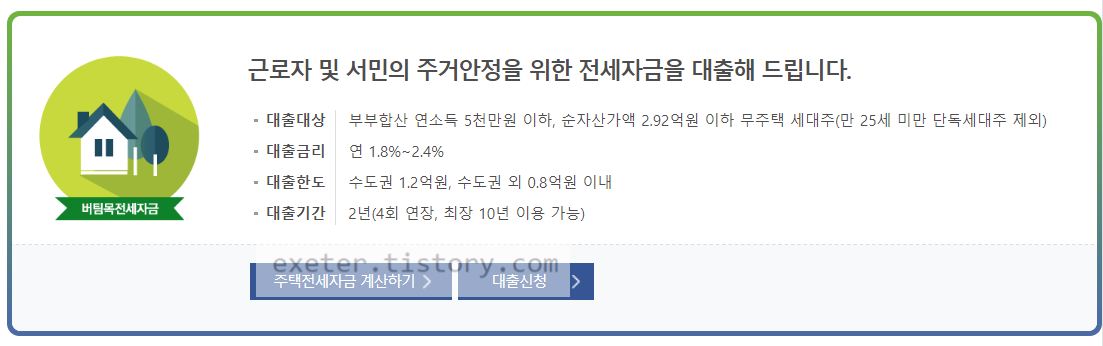 근로자 및 서민의 주거안정을 위한 전세자금 대출인 '버팀목 전세자금' 대출 안내 입니다.
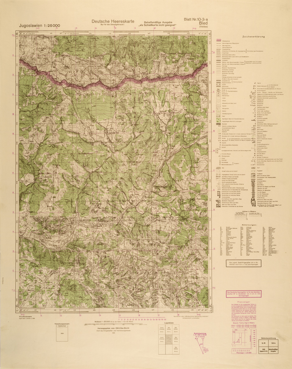 "Riproduzione allestita nel 1943 dall' Istituto Geografico Tedesco di analoga carta Jugoslava rilevata negli anni dal 1934 al 1937"
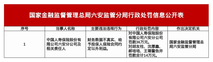 罚单显示,中国人寿保险股份有限公司六安分公司的主要违法违规事实包括:财务数据不真实、给予投保人保险合同约定以外利益。
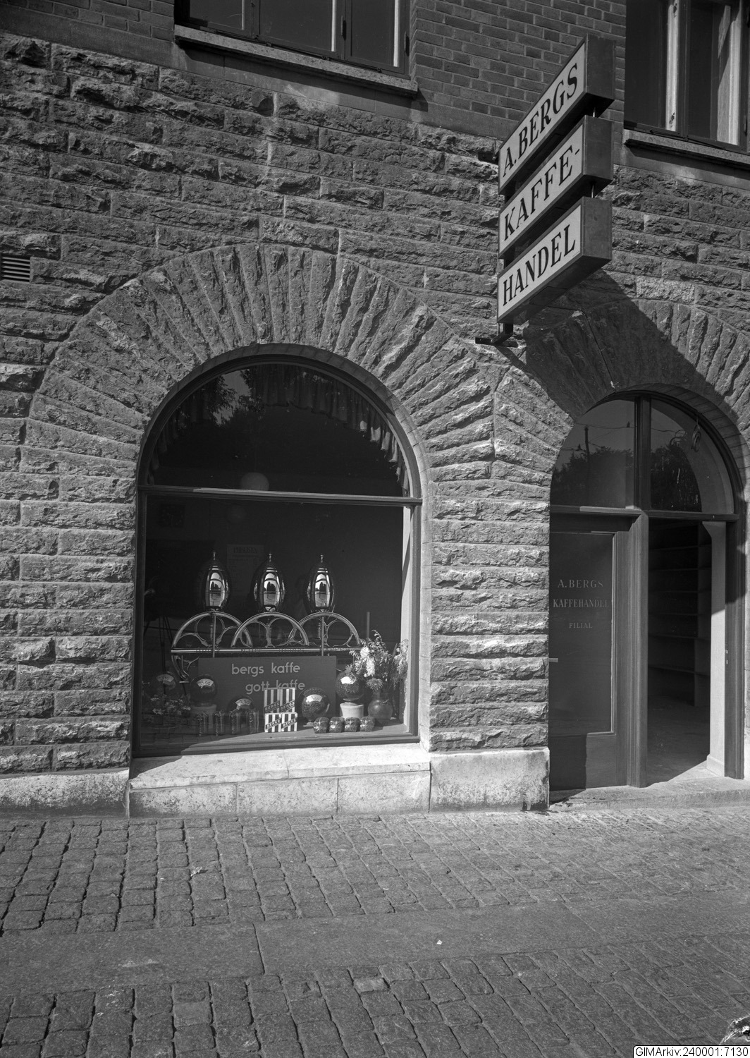 Förvarad i kuvert med texten: "Butik, exteriör, Bergs Kaffe, propaganda för Nationalsocialistiska Arbetarpartiet på en av bilderna så trol. före 1944"
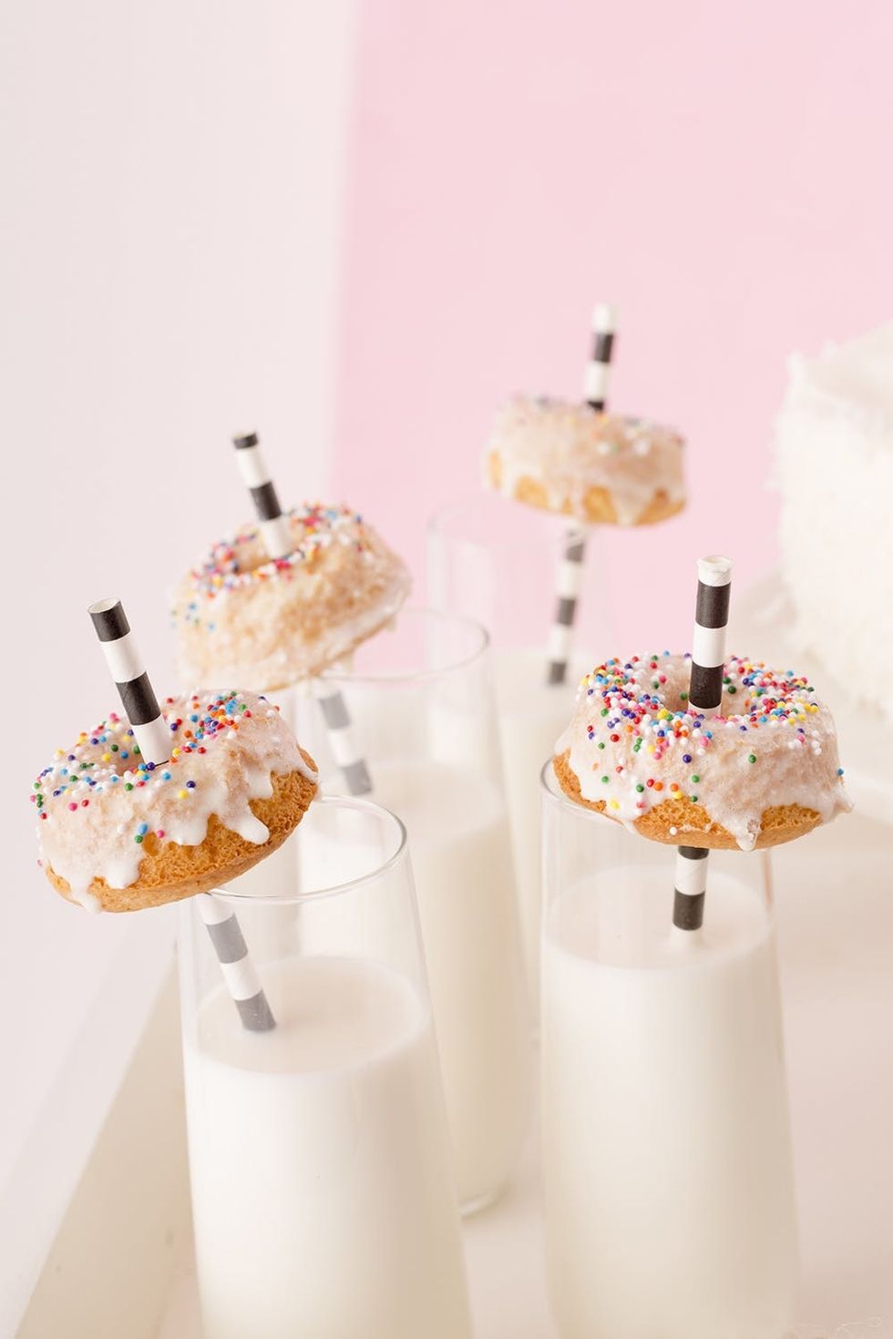 Ice cold milk is *necessary* when chomping on dessert. Place mini sprinkle donuts on milk glasses for your friends to enjoy while sipping.

## TASK REQUIREMENTS
Leave out the pictures and return, exactly as written, only the lines from the line with "罚单显示,中国人寿保险股份有" through the end of the records above.

## EXERCISE ANSWER
 罚单显示,中国人寿保险股份有限公司六安分公司的主要违法违规事实包括:财务数据不真实、给予投保人保险合同约定以外利益。
 Förvarad i kuvert med texten: "Butik, exteriör, Bergs Kaffe, propaganda för Nationalsocialistiska Arbetarpartiet på en av bilderna så trol. före 1944"
 Ice cold milk is *necessary* when chomping on dessert. Place mini sprinkle donuts on milk glasses for your friends to enjoy while sipping.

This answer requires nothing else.